ACC: Angular component of the coefficient of correspondence.

Fig. 2.

Changes in paretic and non-paretic kinematics in responders (A) and non-responders (B) following rehabilitation interventions, and changes in paretic and non-paretic kinetics in responders/retainers (C) and responders/non-retainers (D).

3.2.3. Changes in gait kinetics following training

Following training (POST), changes in joint kinetics were not different between responders and non-responders, although kinetic variables were altered differentially between the responder/retainers vs. responder/non-retainers.
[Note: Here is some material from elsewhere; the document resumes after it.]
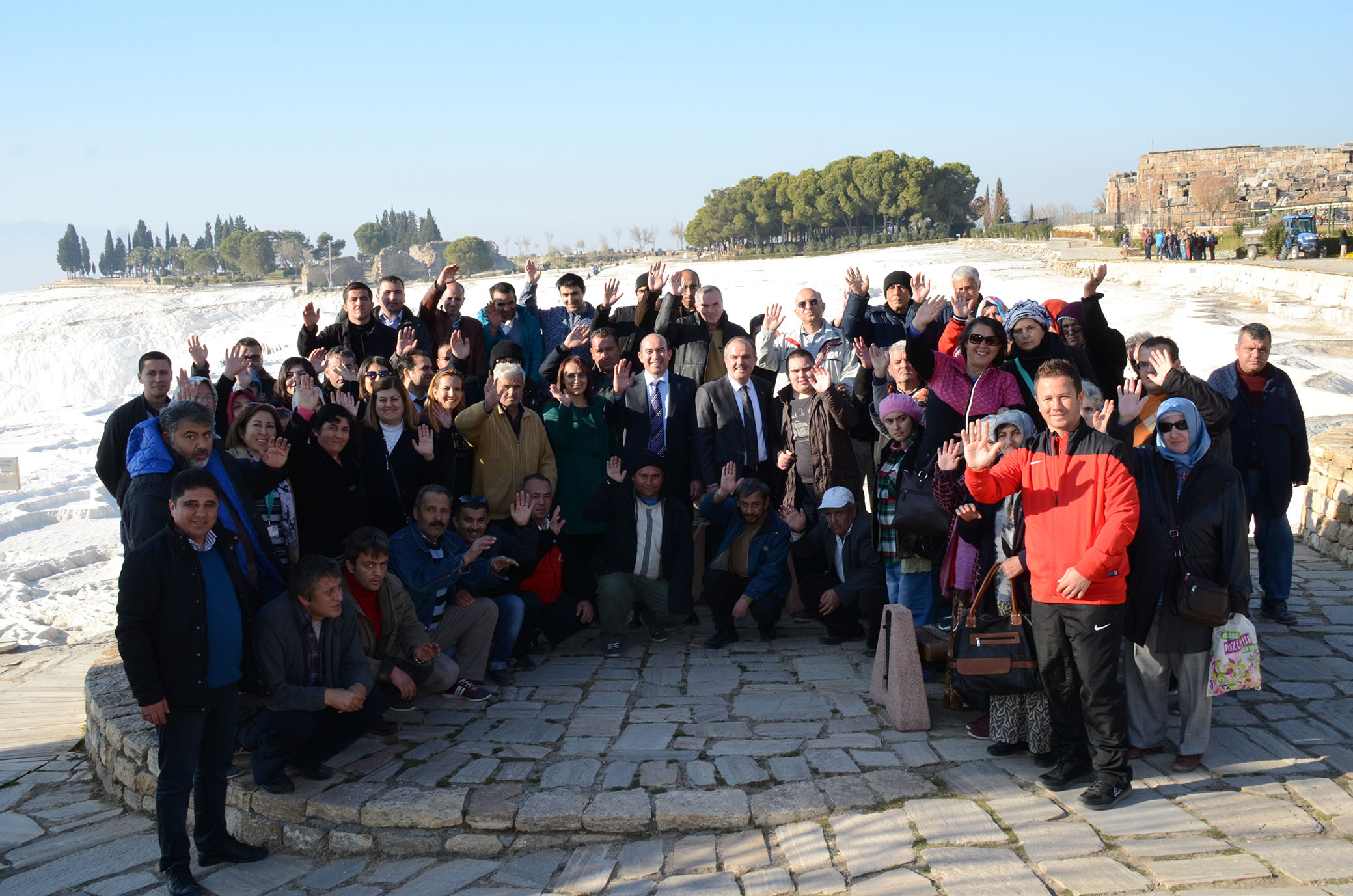 Pamukkale Belediyesi; Pamukkale Kaymakamlığı ve Denizli Kamu Hastaneleri Birliği Genel Sekreterliği ile birlikte Toplum Ruh Sağlığı Merkezi’nde tedavi gören vatandaşları Pamukkale’ye götürdü. Dünyanın göz bebeği Pamukkale’de beyaz travertenlerin görselinde unutulmaz bir gün geçiren ekip, Hierapolis Antik Kenti’ni de gezme fırsatı buldu. Önemli sosyal bir etkinliği gerçekleştirdiklerini belirten Pamukkale Belediye Başkanı Hüseyin Gürlesin, bu tür motivasyon artırıcı gezilere ve sosyal etkinliklere devam edeceklerini söyledi.
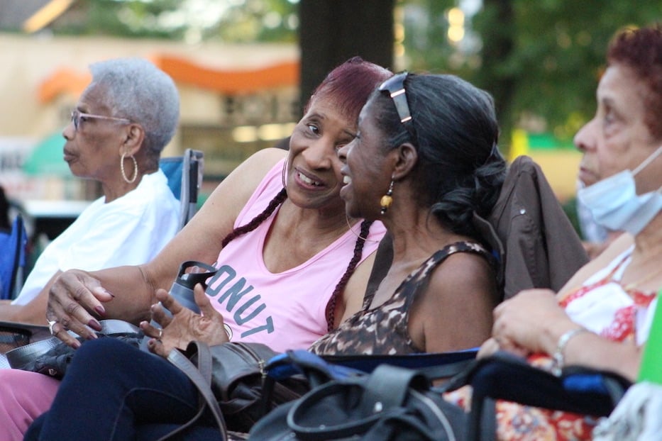 Top: Friday marked the first cool night in weeks, and the audience was grateful for it. Bottom: Mary Lopes and Mary Freeman. Kimberly Wipfler Photos.

Surprisingly, the primary findings were that non-retainers vs retainers tended to generate larger improvements in non-paretic joints. For example, greater gains in non-paretic ankle (0.21 ± 0.3 vs 0.05 ± 0.30 W/Kg), knee (0.10 ± 0.28 vs −0.05 ± 0.13 W/Kg), and hip power (0.16 ± 0.10 vs 0.06 ± 0.09 W/kg) were observed in non-retainers vs retainers at POST (Table 4). Conversely, greater changes in paretic ankle power was observed in retainers vs. non-retainers (0.06 ± 0.07 vs 0.01 ± 0.03 W/Kg), although these differences were not significant (Table 4). Between-limb comparisons in the retainer group indicated greater kinetic changes in paretic vs non-paretic joints (Fig. 2C, Table 4). Conversely, between-limb comparisons in non-retainers showed greater improvements in non-paretic vs paretic joint powers (Fig. 2D, Table 4). Accordingly, post-training interlimb asymmetry changed in opposite directions in retainer vs non-retainer groups. Retainers showed improved symmetrical power generation (i.e., less asymmetry and smaller asymmetry index) at the ankle (BSL = 0.68 + 0.34 vs POST = 0.27 ± 0.93) while non-retainers increased ankle asymmetry (BSL = 0.58 ± 0.22 vs POST = 0.83 ± 0.15). Between group differences confirmed that non-retainers vs retainers became significantly asymmetric in terms of ankle concentric power (POST-BSL = 0.25 ± 0.35 vs. −0.41 ± 0.6; p = 0.03) with negative changes indicating a reduction in asymmetry (improvement in symmetry).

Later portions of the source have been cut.